I am the Head of Consumer Protection, Financial Innovation and Payments at the EBA, with anti-money laundering, counter-terrorist financing and deposit guarantee schemes added to my responsibilities next month. As part of this remit, my team has developed six Technical Standards and Guidelines that PSD2 had conferred on the EBA. We are also responsible for other EBA work on the fringes of payment services, such as virtual currencies, crowdfunding, big data and others.

At the Payments Forum, you will be giving your insight regarding and update from the EBA, One month after PSD2-day, why do you believe this is currently a key talking point within the industry?

The application date of PSD2 was on 13 January 2018, by which time the EBA had delivered 10 of the 12 mandates under PSD2. The two remaining mandates, which are late due to the fact that no resources were allocated to the EBA to develop the 12 mandates when the PSD2 was published in 2016. In addition, several Member States are late in transposing the PSD2 and the PSD2 text itself foresees a so-called “transitional period” of 18 months. We will provide some clarifications as to what all of this means for payment services providers.

What are your thoughts on initial observations of market developments?

The EBA will be monitoring the payments market in the EU in the months and years to come, in order to be able to assess the extent to which the objectives of the PSD2 and of the EBA’s Technical Standards and Guidelines are materializing, and to take corrective action if needed. I will convey some of the developments we are seeing but would also be keen to hear from the audience what developments they think the EBA should particularly be monitoring.

In your opinion, what are the benefits of introducing the EBA’s Q&A process?

The Q&A process allows external stakeholders to submit questions to the EBA about the interpretation of the PSD2 and the Technical Standards and Guidelines developed by the EBA in support of the PSD2. Before publication, the Q&As go through a formal approval process at the EBA and therefore provide useful additional clarifications to market participants about the Directive, even after the EBA has long finished developing its 12 mandates.

How do you see the payments industry evolving over the next 6-12 months, particularly in relation to the current and upcoming political landscape?
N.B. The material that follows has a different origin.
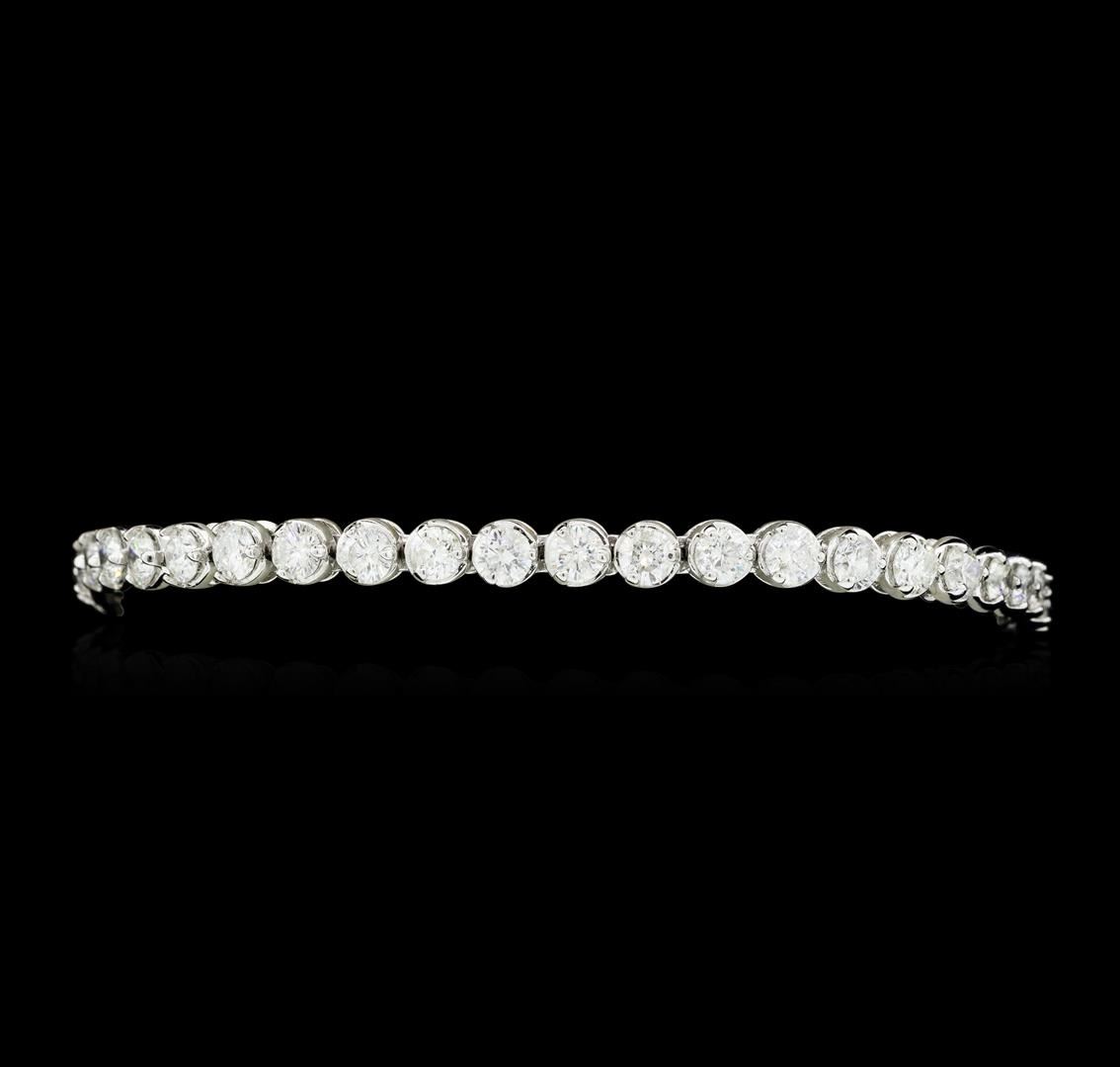 One electronically tested 18KT white gold lady's combination cast & assembled tennis bracelet with a tongue clasp with foldover safety with a bright polish finish. The featured lady's bracelet measures approximately 7.25 inches in length. Identified with markings of '18K'. Condition is new, good workmanship. Containing: Forty-One prong set round brilliant cut diamonds, measuring 3.70 - 3.50 x 2.20mm (depth est.) approximate total weight of 41 Stones = 7.15ct. Graded in the setting. Color G - I Clarity I-1 Cut Good. Total Weight of Diamonds 7.15ct.. Total Weight of Bracelet 14.50gm GAS Appraised at $14555.00. GAS Appraised at $14,555.00.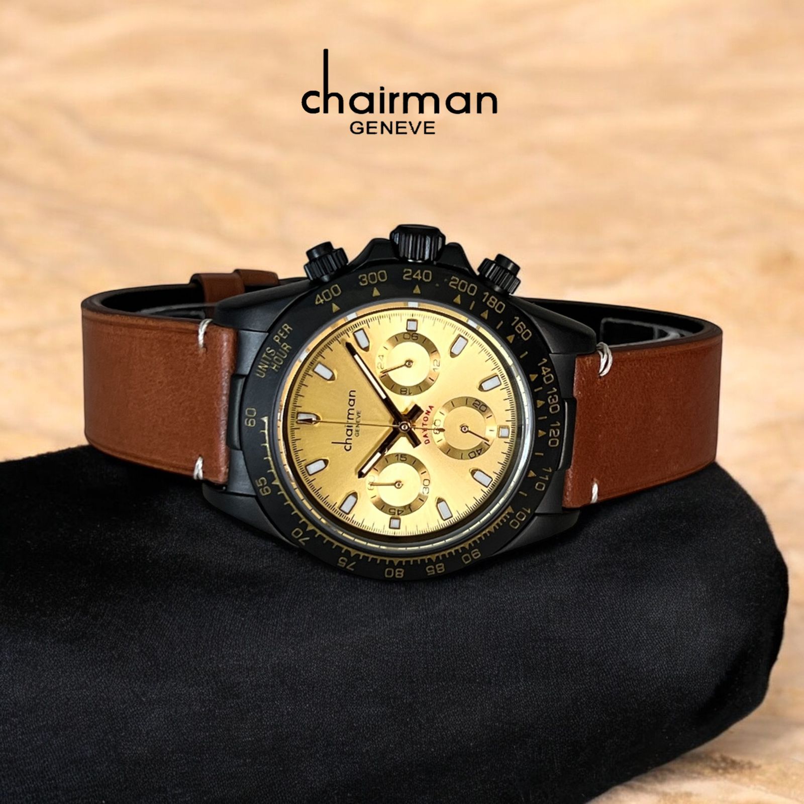 Elevate your style with the Chairman Geneve Daytona Mechanical Watch. Featuring a striking golden dial paired with a classic brown strap, this timepiece blends timeless elegance with precise mechanical movement. Designed for gentlemen who appreciate craftsmanship and sophistication, it offers reliable performance while enhancing any outfit with a touch of luxury. Perfect for both formal occasions and everyday wear.

A regulatory authority like the EBA is not well placed to predict market developments, which are best left to market participants to articulate. However, the EBA is keen for the objectives of the PSD2 to be achieved, i.e. enhanced competition and the creation of innovative service offering. However, we also acknowledge that this will not happen overnight and that the paradigm shift that PSD2 has been hailed to bring about will fully materialize only in the mid to long-term.